Combinations	Heterosis (Ht)*	Heterobeltiosis (Hbt)	% of individuals showing**
			Ht	Hbt
Ayva B-35 × Quince A	11.70 a	1.45	88.67	57.54
Quince A × Ayva B-35	13.54 a	3.12	100	80.00
Zeybek 35 × Ayva B-35	−2.82 b	−4.20	50.00	35.71
Ege 2 × Ege 25	7.86 ab	6.72	83.33	83.33

Ht and Hbt were determined with resistance levels (RL) that obtained SI values with given Formula 1.

Mean separation within rows by LSD test (p < 0.05).

**Hybrids showing Ht and Hbt is being given as a percentage for each combination.

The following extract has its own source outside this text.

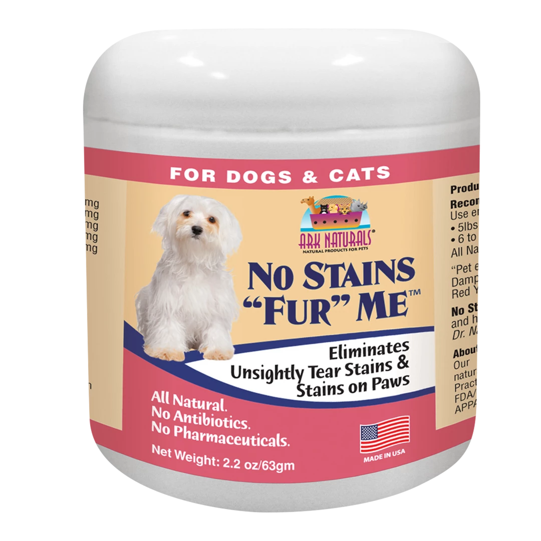 Pet eye stains are caused by pet tearing. Paw stains are caused by excessive licking. Damp pet hair -both eyes and paws- produce the same type of bacteria. The most common is Red Yeast. No Stains βFurβ Meβ’, our natural herbal formula, supports your petsβ immune system and is helpful for bacteria and yeast responsible for the stains.β β Dr. Nancy Scanlan

Studies on heterosis and heterobeltiosis in fruit species are limited and generally used for quantitative characteristics and disease resistance (Cardoso et al., 2014; Liu et al., 2019; Marin et al., 2006; Vivas et al., 2014). There is no study on fire blight resistance about genetic pattern in quince. The observed positive heterosis and heterobeltiosis for fire blight resistance could be a breeding advantage. By the way conducting such studies in this polygenic disease may contribute to achievement of more resistant hybrids for example, in more extensive hybridization studies for fire blight resistant rootstock breeding, it will be possible to obtain hybrids with very high resistance by planning more individuals from Quince A × Ayva B-35 combination that have high heterosis rate.

Conclusion

This study is the first study on controlled hybridization and heredity process of fire blight conducted on quince. It was concluded that heredity of fire blight is recessive and using resistant male parent in crossbreeding could be more effective than female parent on transferring resistance to hybrids. The presence of hybrids that are resistant to fire blight is important and they could be used as registered variety or genitor. The observed positive heterosis and heterobeltiosis for fire blight resistance give an information and could be a breeding advantage to get higher resistant hybrids. On the other hand, open-pollination is an easy and economical way for breeders in terms of obtaining resistance hybrids if the orchard has resistant pollinators.

Additional information

Funding

This research was carried out as a preliminary study within the scope of “Fire Blight Tolerant Quince Breeding Project (Project number: TAGEM/BBAD/16/A08/P03/04)” that was funded by the Republic of Turkey Ministry of Agriculture and Forestry General Directorate of Agricultural Research and Policies.